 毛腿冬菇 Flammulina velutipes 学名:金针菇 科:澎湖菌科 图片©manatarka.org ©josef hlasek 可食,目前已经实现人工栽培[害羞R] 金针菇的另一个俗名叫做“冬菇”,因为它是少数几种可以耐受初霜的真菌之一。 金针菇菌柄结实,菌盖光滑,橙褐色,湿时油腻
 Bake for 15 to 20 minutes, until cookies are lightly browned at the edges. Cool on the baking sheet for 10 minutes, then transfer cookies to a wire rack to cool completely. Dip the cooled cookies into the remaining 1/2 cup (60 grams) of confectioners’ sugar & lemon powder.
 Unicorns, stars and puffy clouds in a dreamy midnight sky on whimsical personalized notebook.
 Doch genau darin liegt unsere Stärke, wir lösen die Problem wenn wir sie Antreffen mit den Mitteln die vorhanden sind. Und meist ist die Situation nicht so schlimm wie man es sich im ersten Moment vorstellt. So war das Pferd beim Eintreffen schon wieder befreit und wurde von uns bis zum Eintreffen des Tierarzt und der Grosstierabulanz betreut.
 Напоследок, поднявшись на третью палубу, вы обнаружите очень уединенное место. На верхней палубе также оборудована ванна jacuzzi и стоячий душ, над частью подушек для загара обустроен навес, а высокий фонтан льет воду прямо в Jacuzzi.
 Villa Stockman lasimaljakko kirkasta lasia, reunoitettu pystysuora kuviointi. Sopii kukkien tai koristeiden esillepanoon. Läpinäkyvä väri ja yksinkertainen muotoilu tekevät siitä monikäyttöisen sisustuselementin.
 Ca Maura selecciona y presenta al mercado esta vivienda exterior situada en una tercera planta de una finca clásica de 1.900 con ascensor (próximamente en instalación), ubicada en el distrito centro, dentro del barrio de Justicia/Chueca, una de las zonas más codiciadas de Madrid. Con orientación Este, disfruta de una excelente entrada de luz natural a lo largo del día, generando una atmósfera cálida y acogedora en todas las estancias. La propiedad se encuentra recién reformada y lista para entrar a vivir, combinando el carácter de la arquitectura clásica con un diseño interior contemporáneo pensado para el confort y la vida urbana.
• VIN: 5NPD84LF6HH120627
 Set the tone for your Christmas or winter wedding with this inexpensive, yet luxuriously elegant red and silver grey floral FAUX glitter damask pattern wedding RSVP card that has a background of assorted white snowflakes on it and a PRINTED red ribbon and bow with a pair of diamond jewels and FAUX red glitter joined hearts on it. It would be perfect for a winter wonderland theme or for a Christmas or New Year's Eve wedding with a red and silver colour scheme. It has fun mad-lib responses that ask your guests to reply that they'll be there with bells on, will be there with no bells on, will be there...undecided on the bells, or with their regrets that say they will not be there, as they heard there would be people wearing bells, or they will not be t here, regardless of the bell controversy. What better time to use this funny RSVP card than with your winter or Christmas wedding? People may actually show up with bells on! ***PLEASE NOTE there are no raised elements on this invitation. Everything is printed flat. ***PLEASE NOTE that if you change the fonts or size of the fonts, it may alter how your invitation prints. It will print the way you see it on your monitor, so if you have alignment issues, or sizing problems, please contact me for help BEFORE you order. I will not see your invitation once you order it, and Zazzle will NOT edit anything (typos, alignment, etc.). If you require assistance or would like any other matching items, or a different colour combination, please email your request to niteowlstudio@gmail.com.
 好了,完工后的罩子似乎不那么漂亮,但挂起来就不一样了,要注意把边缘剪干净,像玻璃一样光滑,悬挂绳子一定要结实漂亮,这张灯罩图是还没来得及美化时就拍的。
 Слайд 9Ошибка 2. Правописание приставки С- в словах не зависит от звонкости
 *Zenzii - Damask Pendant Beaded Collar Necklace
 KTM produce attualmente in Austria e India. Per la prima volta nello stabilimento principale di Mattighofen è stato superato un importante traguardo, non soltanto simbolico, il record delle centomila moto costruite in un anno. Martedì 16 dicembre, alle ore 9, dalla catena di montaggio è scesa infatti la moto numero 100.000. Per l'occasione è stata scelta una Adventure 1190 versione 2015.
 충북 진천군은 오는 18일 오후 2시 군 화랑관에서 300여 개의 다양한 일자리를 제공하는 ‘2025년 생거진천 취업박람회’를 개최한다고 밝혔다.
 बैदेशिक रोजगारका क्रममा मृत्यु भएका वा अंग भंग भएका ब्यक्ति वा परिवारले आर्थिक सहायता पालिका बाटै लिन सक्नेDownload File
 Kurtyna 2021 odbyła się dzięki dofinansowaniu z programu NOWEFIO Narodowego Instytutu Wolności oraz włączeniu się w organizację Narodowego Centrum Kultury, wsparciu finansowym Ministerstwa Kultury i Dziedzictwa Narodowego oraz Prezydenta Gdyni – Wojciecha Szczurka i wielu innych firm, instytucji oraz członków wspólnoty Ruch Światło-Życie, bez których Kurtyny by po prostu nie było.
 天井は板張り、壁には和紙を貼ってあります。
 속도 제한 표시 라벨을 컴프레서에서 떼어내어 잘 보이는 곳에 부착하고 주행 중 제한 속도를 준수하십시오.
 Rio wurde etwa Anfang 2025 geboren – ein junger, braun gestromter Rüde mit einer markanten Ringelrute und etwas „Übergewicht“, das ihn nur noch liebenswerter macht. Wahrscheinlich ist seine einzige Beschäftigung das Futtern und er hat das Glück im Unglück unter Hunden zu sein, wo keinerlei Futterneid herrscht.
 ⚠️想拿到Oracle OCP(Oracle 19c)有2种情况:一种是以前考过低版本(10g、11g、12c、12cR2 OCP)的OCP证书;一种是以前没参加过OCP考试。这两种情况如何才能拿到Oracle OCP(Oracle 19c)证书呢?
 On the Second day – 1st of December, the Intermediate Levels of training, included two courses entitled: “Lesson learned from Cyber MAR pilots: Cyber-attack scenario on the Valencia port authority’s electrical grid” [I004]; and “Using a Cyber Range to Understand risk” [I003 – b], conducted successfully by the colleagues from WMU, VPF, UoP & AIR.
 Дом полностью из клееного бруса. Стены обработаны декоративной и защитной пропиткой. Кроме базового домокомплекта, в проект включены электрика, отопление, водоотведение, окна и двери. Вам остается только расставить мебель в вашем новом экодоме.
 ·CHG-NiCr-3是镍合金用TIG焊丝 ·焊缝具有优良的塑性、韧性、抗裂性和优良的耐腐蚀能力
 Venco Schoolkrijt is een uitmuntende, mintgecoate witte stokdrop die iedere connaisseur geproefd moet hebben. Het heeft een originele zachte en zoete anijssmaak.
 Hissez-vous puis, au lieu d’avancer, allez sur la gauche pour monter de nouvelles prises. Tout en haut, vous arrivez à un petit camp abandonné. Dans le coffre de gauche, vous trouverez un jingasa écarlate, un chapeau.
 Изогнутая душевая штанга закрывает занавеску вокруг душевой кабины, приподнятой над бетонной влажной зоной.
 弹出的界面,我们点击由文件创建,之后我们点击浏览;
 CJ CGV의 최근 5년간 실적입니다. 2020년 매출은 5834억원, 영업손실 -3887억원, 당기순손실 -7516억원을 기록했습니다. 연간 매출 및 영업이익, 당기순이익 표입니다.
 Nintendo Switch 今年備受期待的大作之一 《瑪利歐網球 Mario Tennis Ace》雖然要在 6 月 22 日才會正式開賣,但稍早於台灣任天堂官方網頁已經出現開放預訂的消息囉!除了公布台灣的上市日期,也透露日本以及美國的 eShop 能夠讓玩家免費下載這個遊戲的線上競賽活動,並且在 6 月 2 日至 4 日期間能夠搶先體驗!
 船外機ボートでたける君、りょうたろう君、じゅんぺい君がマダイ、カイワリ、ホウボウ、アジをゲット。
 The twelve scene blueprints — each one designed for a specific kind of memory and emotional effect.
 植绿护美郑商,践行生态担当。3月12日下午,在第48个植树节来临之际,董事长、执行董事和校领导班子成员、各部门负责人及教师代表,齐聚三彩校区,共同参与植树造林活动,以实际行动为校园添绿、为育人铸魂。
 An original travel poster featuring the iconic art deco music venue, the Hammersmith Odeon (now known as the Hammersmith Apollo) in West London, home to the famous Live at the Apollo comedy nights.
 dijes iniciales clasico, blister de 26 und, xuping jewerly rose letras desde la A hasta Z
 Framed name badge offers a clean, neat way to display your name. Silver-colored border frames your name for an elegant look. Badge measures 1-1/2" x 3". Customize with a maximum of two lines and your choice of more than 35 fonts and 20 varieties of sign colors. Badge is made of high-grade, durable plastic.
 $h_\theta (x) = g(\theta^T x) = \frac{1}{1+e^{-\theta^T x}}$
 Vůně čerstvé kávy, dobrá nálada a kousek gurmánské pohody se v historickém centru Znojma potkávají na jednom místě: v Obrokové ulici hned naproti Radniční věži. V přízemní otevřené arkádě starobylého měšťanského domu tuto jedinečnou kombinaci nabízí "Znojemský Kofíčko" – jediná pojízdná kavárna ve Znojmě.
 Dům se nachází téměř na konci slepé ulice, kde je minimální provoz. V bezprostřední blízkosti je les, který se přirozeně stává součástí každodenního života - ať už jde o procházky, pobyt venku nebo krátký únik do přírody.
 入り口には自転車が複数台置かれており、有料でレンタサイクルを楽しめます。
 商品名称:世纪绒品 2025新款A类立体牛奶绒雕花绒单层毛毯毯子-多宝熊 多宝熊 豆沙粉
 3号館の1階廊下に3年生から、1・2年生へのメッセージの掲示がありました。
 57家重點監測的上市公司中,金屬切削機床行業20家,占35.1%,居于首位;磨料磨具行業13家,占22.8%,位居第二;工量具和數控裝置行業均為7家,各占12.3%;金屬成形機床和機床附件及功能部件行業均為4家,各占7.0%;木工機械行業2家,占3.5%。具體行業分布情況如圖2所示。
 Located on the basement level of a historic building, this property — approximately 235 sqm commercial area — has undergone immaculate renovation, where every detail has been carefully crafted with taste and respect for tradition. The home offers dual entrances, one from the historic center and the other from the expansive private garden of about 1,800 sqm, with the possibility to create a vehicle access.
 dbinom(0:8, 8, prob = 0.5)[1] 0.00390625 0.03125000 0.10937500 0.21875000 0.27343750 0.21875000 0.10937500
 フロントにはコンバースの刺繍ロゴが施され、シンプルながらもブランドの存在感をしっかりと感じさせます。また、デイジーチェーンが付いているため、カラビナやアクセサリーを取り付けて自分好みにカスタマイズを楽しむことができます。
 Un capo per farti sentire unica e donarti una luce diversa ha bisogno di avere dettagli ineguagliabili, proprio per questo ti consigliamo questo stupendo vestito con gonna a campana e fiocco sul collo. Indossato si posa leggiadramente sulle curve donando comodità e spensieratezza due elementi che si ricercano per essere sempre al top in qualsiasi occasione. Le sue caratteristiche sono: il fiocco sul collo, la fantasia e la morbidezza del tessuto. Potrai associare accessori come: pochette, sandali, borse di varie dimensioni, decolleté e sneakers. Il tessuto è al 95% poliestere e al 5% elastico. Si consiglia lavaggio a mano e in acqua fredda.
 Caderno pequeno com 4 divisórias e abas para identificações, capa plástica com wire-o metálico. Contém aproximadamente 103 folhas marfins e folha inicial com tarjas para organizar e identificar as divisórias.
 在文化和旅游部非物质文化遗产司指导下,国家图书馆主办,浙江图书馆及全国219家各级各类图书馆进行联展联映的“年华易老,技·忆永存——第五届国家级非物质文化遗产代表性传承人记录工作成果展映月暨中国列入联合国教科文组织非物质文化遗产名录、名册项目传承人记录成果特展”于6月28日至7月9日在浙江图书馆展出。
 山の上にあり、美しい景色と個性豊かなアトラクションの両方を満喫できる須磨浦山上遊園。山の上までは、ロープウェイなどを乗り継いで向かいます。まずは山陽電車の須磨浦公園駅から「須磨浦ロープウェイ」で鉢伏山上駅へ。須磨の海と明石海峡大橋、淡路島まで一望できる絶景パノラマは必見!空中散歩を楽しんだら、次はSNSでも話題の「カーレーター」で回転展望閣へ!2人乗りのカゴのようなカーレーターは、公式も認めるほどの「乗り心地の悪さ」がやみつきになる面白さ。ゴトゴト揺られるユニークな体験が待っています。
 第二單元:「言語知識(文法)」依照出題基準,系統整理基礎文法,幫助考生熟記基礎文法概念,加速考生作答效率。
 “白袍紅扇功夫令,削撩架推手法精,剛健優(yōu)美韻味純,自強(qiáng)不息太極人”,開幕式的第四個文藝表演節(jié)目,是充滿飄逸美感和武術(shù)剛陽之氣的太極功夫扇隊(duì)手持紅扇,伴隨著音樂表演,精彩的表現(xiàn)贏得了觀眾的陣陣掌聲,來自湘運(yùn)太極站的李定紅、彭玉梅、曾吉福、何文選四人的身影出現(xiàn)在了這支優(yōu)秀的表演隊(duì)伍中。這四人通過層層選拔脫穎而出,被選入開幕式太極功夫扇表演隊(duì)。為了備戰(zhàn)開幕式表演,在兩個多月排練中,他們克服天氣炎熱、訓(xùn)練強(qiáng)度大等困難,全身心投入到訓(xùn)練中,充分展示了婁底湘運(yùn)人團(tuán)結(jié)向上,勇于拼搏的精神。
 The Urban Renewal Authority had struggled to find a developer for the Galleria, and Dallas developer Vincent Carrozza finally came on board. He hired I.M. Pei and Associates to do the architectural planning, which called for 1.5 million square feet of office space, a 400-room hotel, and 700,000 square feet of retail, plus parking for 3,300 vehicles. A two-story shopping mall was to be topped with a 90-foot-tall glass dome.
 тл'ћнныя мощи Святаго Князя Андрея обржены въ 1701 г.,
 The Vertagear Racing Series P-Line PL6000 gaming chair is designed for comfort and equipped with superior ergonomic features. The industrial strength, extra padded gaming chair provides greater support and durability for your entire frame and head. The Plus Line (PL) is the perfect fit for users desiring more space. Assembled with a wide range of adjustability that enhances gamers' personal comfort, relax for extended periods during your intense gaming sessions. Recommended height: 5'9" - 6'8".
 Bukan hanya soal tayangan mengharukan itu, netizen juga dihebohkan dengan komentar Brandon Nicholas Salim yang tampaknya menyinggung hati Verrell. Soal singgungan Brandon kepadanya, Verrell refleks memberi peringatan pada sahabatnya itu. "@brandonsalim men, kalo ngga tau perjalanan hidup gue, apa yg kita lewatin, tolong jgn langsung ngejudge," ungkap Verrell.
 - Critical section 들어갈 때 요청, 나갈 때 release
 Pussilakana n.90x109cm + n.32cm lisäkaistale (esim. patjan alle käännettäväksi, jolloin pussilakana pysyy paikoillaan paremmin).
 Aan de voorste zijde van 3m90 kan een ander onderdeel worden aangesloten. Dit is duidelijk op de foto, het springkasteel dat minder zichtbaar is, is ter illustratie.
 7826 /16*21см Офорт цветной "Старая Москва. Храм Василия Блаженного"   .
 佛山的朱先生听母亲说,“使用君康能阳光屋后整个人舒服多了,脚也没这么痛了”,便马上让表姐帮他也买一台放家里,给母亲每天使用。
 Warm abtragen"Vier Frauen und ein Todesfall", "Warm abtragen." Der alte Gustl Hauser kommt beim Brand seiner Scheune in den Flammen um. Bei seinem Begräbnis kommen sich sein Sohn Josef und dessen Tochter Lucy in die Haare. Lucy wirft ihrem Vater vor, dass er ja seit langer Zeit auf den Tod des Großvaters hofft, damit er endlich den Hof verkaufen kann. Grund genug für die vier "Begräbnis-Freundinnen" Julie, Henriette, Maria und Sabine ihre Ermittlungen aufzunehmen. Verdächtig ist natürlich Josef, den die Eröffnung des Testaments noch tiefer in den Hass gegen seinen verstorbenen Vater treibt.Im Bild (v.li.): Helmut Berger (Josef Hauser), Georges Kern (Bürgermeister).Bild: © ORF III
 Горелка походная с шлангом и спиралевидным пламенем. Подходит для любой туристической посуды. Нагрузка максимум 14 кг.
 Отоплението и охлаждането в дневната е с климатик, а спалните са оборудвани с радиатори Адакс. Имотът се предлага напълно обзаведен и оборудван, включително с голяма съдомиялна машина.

+ + + +

Your answer must consist only of the lines from the start of the records above through the line with "Bake for 15", each retyped exactly.

 毛腿冬菇 Flammulina velutipes 学名:金针菇 科:澎湖菌科 图片©manatarka.org ©josef hlasek 可食,目前已经实现人工栽培[害羞R] 金针菇的另一个俗名叫做“冬菇”,因为它是少数几种可以耐受初霜的真菌之一。 金针菇菌柄结实,菌盖光滑,橙褐色,湿时油腻
 Bake for 15 to 20 minutes, until cookies are lightly browned at the edges. Cool on the baking sheet for 10 minutes, then transfer cookies to a wire rack to cool completely. Dip the cooled cookies into the remaining 1/2 cup (60 grams) of confectioners’ sugar & lemon powder.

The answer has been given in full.